TERNATE, LINDO - Malam semakin larut, cuaca diluar sana semakin menambah dingin, karena angin malam kian menit makin kencang, seakan-akan mau menembus pori-pori yang makin kriput ini.

Suasana alunan musik di cafe duo kembar di Salero, Ternate, makin mengasikan. Lagu-lagu memory era 80an makin menyentuh isi hati ini, seakan-akan masa lampau akan kembali lagi karena terinspirasi dengan nada-nada lagu yang dibawah para tamu di cafe itu.

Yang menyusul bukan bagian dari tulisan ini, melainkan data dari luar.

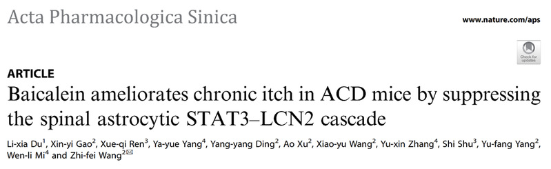 近日,我院王志菲研究员团队在Acta Pharmacologica Sinica上发表了题为“Baicalein ameliorates chronic itch in ACD mice by suppressing the spinal astrocytic STAT3–LCN2 cascade”的研究论文。该研究阐明了黄芩素(Baicalein, BE)通过抑制脊髓星形胶质细胞STAT3–LCN2通路缓解小鼠慢性痒的作用机制,揭示了黄芩素治疗慢性痒的重要药用价值,为慢性痒治疗方法的开发提供了重要的科学依据。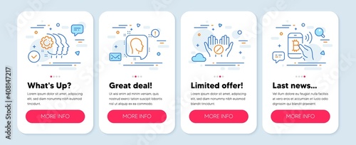 Set of People icons, such as Employees teamwork, Medical tablet, Head symbols. Mobile screen app banners. Bitcoin pay line icons. Collaboration, Medicine pill, Profile messages. Mobile payment. Vector

Waktu makin larut, suasana dicafe tersebut makin menjadi hangat, walaupun diluar sana dingin malam makin menggerogoti tubuh ini, namun hal itu tidak menjadi halangan untuk bercanda gurau terhadap rekan-rekan dari media ini.

Salah satu rekan kami yang bernama Imelda Tude mampu menjawab tantangan itu. Dia mampu mencairkan suasana dengan menampilkan suara emasnya untuk membawa 2 lagu yaitu lagu-lagu era 80an dan lagu-lagu masa kini yang masuk dalam kategori yang paling terpopuler.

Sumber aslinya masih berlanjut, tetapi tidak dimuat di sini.